TRY IT:
Copy the listing in full and exactly, omitting its images.

== MATERIALS PROVIDED ==

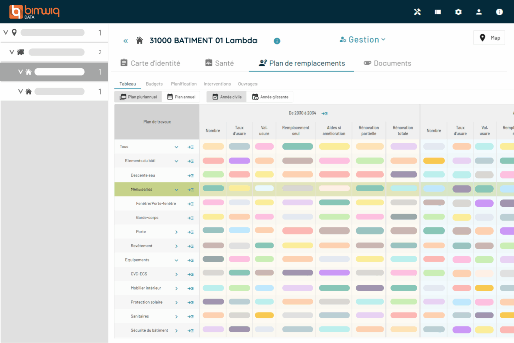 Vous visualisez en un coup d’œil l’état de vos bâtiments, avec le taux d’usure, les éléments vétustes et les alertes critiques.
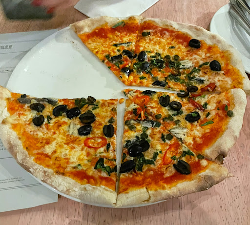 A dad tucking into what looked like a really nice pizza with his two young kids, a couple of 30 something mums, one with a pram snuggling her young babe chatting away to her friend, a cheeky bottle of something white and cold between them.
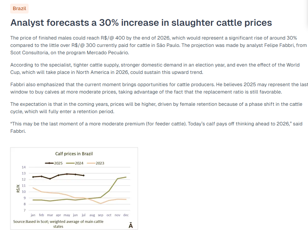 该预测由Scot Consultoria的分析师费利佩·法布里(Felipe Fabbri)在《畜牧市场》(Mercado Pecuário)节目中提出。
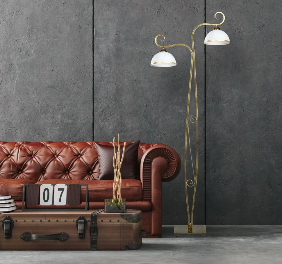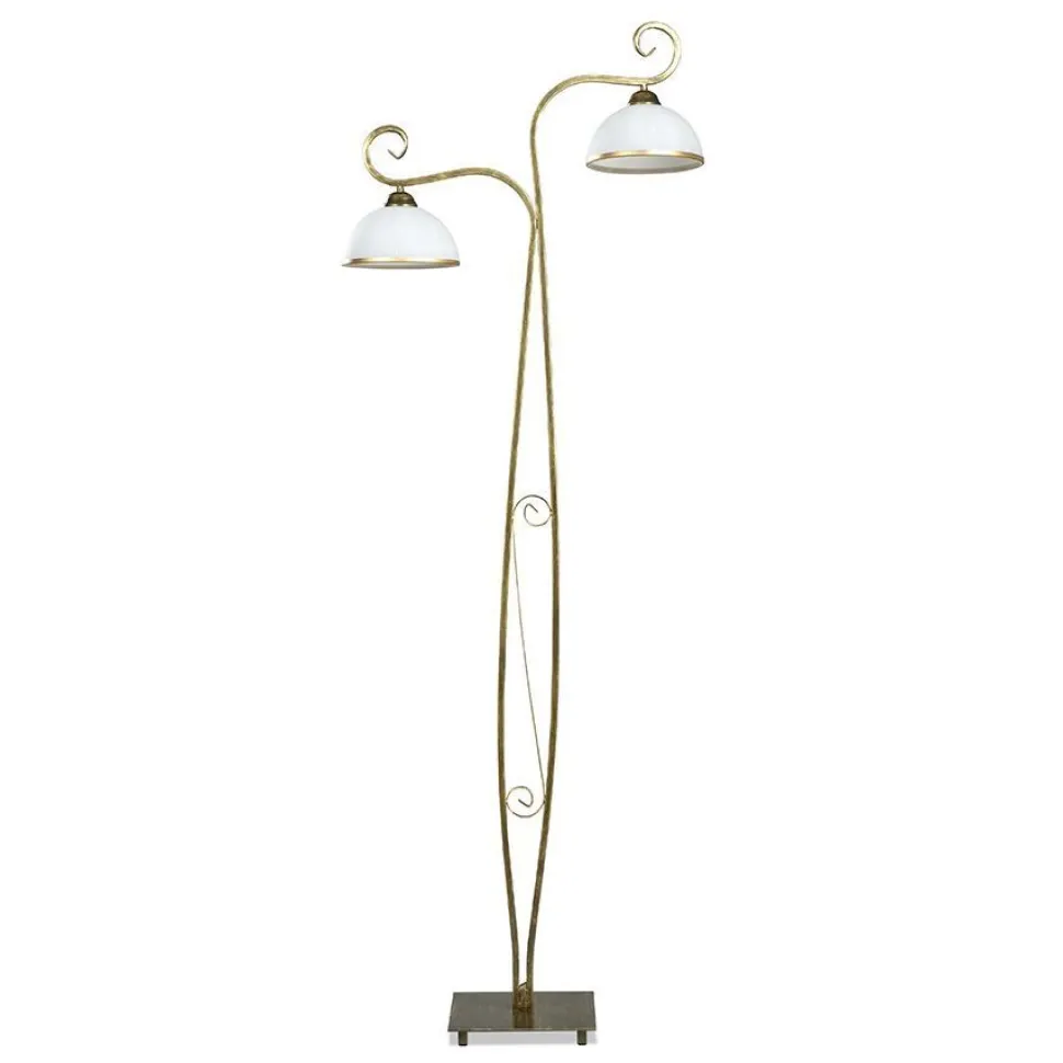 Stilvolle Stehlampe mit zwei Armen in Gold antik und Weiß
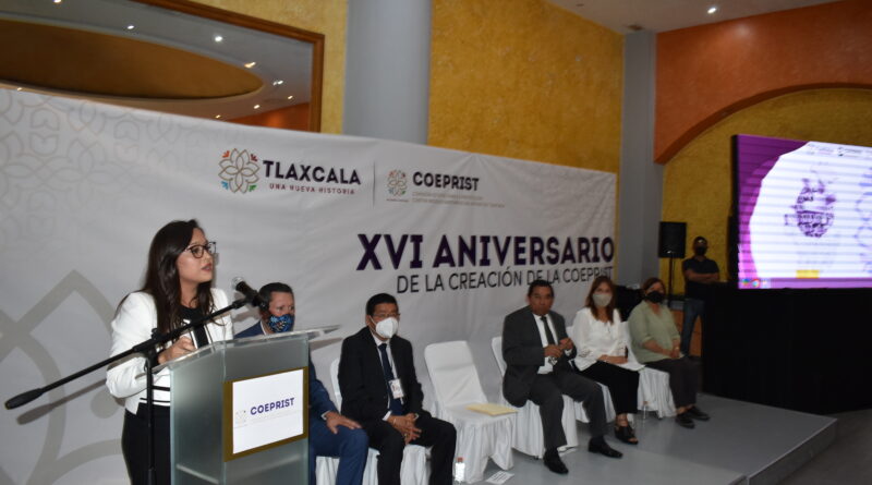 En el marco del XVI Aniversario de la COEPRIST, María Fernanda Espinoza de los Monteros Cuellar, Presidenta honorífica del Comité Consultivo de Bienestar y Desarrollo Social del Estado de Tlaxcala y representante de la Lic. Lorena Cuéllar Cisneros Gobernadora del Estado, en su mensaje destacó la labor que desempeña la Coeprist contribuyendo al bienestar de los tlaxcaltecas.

===

FINISHED EXERCISE:
 Vous visualisez en un coup d’œil l’état de vos bâtiments, avec le taux d’usure, les éléments vétustes et les alertes critiques.
 A dad tucking into what looked like a really nice pizza with his two young kids, a couple of 30 something mums, one with a pram snuggling her young babe chatting away to her friend, a cheeky bottle of something white and cold between them.
 该预测由Scot Consultoria的分析师费利佩·法布里(Felipe Fabbri)在《畜牧市场》(Mercado Pecuário)节目中提出。
 Stilvolle Stehlampe mit zwei Armen in Gold antik und Weiß
 En el marco del XVI Aniversario de la COEPRIST, María Fernanda Espinoza de los Monteros Cuellar, Presidenta honorífica del Comité Consultivo de Bienestar y Desarrollo Social del Estado de Tlaxcala y representante de la Lic. Lorena Cuéllar Cisneros Gobernadora del Estado, en su mensaje destacó la labor que desempeña la Coeprist contribuyendo al bienestar de los tlaxcaltecas.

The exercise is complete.